RealEyesRealizeRealLies's avatar

The truths are said to be “self evident”. The founding fathers didn’t “establish” them. They acknowledged them.

I would be very fearful of any government that believed it could grant rights to anyone.

It would have to take them away first, just to grant them back.

RealEyesRealizeRealLies's avatar

The rights are “endowed” at birth. Not granted.

Imadethisupwithnoforethought's avatar

@RealEyesRealizeRealLies So, in your imagination, these rights do not need the force of law or government. I am relieved. We can delete them from our constitution.

RealEyesRealizeRealLies's avatar

It’s what the Universal Declaration of Human Rights is based upon.

The force of law is to enforce “legal” rights.

The force of law is to ensure “natural” rights.

More here.

RealEyesRealizeRealLies's avatar

The rights are “inalienable”... unable to be taken away from or given away by the possessor.

Imadethisupwithnoforethought's avatar

@RealEyesRealizeRealLies So we can’t delete them, because of a document written 150 years later.

Please admit that Government grants rights @RealEyesRealizeRealLies. and they come from no other source. I am aware your whole world view is opposed to this, but your desperation to prove otherwise is getting sad.

RealEyesRealizeRealLies's avatar

How can I admit something when you haven’t given me one reason to consider doing so?

The Declaration of Independence is a “declaration”... not a law.

The Universal Declaration of Human Rights is a “declaration”... not a law.

Seriously, where am I looking desperate here? Just stating the facts mam.

Imadethisupwithnoforethought's avatar

@RealEyesRealizeRealLies Where do they exist prior to the document that demands the king recognize them?

I am not aware that serfs in 17th century had rights. Is the constitution just a repetition? Or is it something new?

RealEyesRealizeRealLies's avatar

Natural rights since the beginning of “nature”. Natural… nature. A really long time.

Natural rights exist in nature.

Natural rights were rediscovered during the Aged of Enlightenment, to challenge the Divine right of Kings. They are the beginning of government as we know it today.

Natural rights (natural law) came before government. It wasn’t established by government.

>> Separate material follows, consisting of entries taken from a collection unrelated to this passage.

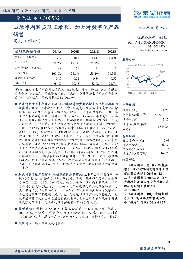 东吴证券:今天国际(300532)-归母净利润实现正增长,加大对数字化产品销售.pdf
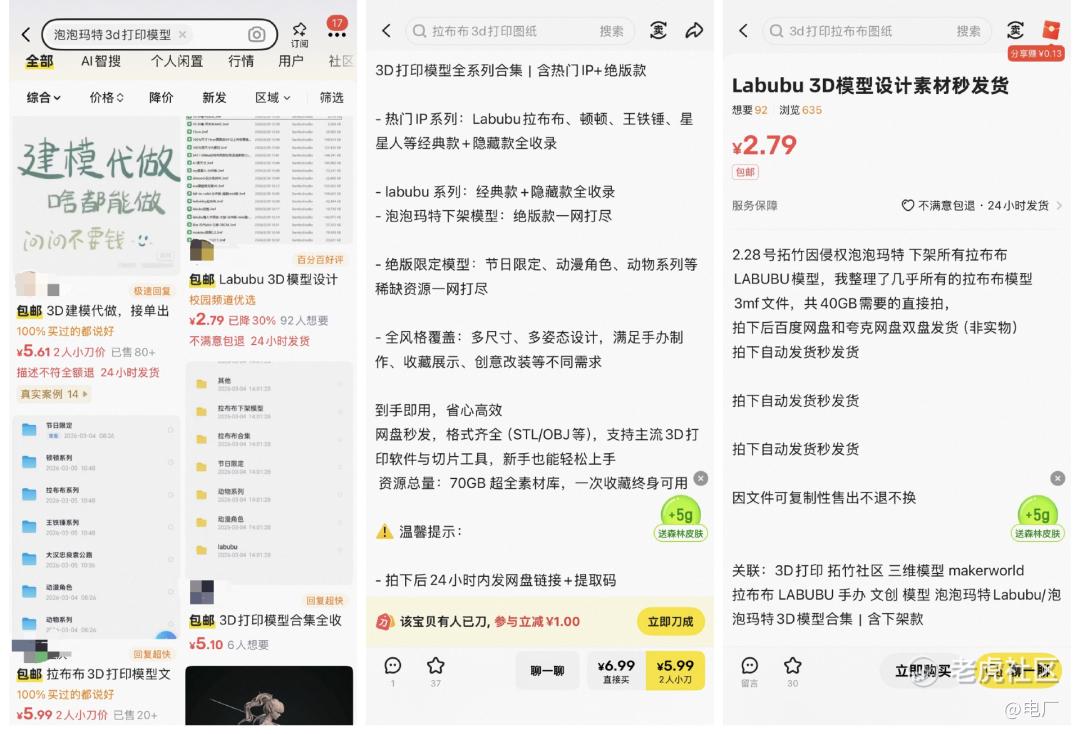 也有不少人将相关模型文件制成了文件包,在闲鱼等平台出售,定价从几元到十几元不等。
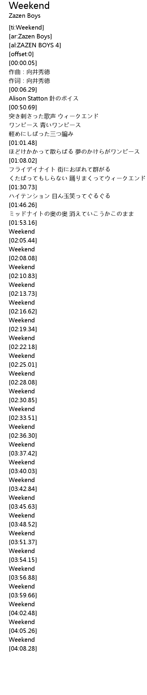| [00:51.50] | 突き剌さった歌声 ウィークエンド |
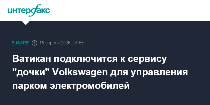 Москва. 15 апреля. INTERFAX.RU - Подразделение Volkswagen Group (VW) в сфере электромобильных сервисов - Elli Mobility - станет партнером Ватикана в обслуживании его растущего парка электромобилей.
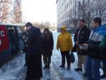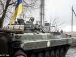 Наша БМП на бойовому чергуванні. Це - один з опорних постів, на якому знаходиться група швидкого реагування, в якій служать УНСОвці, щохвилини готова висунутись на допомогу, перехват чи позапланове патрулювання. Екіпаж періодично прогріває машину, аби скоротити до мінімуму час від отримання команди до виїзду.
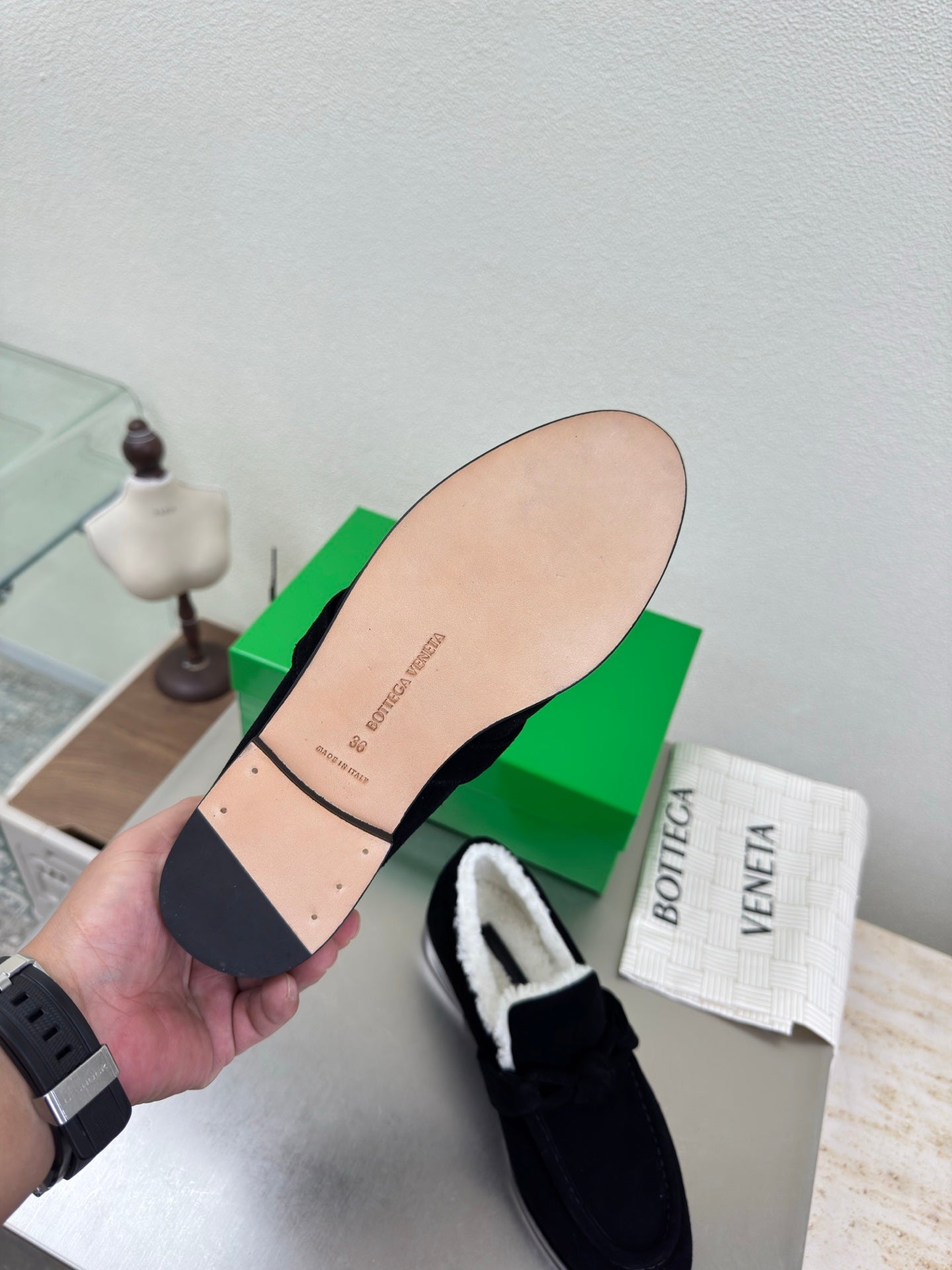 BOTTEGA VENETA 26S LOAFERS IN BLACK SUEDE AND WHITE WOOL
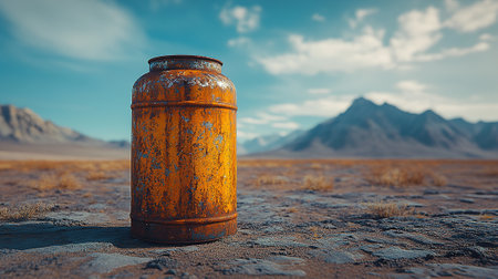 old rusty fuel canister in the desert
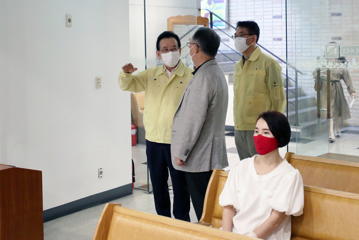 7일 정순균 서울 강남구청장(왼쪽)이 최근 소규모 종교시설 및 소모임에서 코로나19 확진자가 증가함에 따라 주말 예배를 진행하는 지역내 소규모 교회를 방문해 소모임 현황과 소모임 방역관리자 지정 여부, 방역현황, 감염병 예방지침 준수 여부 등을 점검했다. (사진제공=강남구청)

Imadethisupwithnoforethought's avatar

@RealEyesRealizeRealLies OMG you have convinced me. My natural rights have been violated. Who should I contact to protect my natural rights?

I am done pretending natural rights are anything else than government conferred. You can keep imagining that they are some magical thing, but I am done playing make believe

RealEyesRealizeRealLies's avatar

Having rights, and protecting them, are different things altogether.

Government can protect your rights… and should. But they cannot grant rights.

RealEyesRealizeRealLies's avatar

When arrested, the police read your rights.

The first is a natural right… Right to remain silent. It shouldn’t even have to be said, and wouldn’t be if people understood about nature and natural rights. Of course no one can make me speak. Torture me and try, sure. But it doesn’t guarantee that I will. Because it’s my will, not yours.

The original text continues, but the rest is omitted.